作者:David Bonet,Antonio Ortega,Javier Ruiz-Hidalgo,Sarath Shekkizhar 机构:∗ Universitat Politecnica de Catalunya, Barcelona, Spain, † University of Southern California, Los Angeles, USA 备注:Submitted to APSIPA 2021 链接:https://arxiv.org/abs/2107.12972 摘要:最先进的神经网络体系结构继续扩大规模,并提供令人印象深刻的概括结果,尽管这是以有限的解释性为代价的。特别是,一个关键的挑战是确定何时停止训练模型,因为这对泛化有重大影响。卷积神经网络(ConvNets)是由多个通道聚合而成的高维特征空间,由于维数灾难的存在,对中间数据表示和模型演化的分析具有挑战性。提出了一种新的基于非负核回归(NNK)图的信道广义化估计方法&CW-DeepNNK(CW-DeepNNK)。

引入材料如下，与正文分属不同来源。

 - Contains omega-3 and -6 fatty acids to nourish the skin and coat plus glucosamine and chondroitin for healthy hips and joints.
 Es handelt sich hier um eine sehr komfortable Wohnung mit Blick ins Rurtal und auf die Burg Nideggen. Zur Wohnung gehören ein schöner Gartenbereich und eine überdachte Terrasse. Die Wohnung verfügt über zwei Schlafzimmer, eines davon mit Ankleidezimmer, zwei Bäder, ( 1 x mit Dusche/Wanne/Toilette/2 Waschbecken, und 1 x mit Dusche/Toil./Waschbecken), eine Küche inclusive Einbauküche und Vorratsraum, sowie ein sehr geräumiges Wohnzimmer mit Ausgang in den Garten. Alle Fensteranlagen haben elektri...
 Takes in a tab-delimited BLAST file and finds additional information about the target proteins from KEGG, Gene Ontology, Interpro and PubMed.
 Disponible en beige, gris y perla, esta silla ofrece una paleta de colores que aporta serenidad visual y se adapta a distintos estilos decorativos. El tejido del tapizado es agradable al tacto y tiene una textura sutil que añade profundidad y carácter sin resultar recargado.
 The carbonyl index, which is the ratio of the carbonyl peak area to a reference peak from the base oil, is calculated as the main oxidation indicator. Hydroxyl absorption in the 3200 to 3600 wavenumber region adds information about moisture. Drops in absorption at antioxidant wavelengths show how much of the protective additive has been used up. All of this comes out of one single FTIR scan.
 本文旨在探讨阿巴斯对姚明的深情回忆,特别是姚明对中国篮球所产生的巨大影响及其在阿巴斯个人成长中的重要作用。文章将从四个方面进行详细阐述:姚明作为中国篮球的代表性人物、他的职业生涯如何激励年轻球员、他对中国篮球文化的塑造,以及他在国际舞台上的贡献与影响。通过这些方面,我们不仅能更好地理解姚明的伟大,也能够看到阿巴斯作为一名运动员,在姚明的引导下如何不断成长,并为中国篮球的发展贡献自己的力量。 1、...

该方法使得所学习的数据表示和通道之间的关系都具有基于实例的可解释性。基于我们的观察,我们使用CW-DeepNNK提出了一个新的早期停止准则,该准则(i)不需要验证集,(ii)基于任务性能度量,并且(iii)允许在每个通道的不同点达到停止。实验结果表明,与基于验证集性能的标准准则相比,该方法具有明显的优势。 摘要:State-of-the-art neural network architectures continue to scale in size and deliver impressive generalization results, although this comes at the expense of limited interpretability. In particular, a key challenge is to determine when to stop training the model, as this has a significant impact on generalization. Convolutional neural networks (ConvNets) comprise high-dimensional feature spaces formed by the aggregation of multiple channels, where analyzing intermediate data representations and the model's evolution can be challenging owing to the curse of dimensionality. We present channel-wise DeepNNK (CW-DeepNNK), a novel channel-wise generalization estimate based on non-negative kernel regression (NNK) graphs with which we perform local polytope interpolation on low-dimensional channels. This method leads to instance-based interpretability of both the learned data representations and the relationship between channels. Motivated by our observations, we use CW-DeepNNK to propose a novel early stopping criterion that (i) does not require a validation set, (ii) is based on a task performance metric, and (iii) allows stopping to be reached at different points for each channel. Our experiments demonstrate that our proposed method has advantages as compared to the standard criterion based on validation set performance.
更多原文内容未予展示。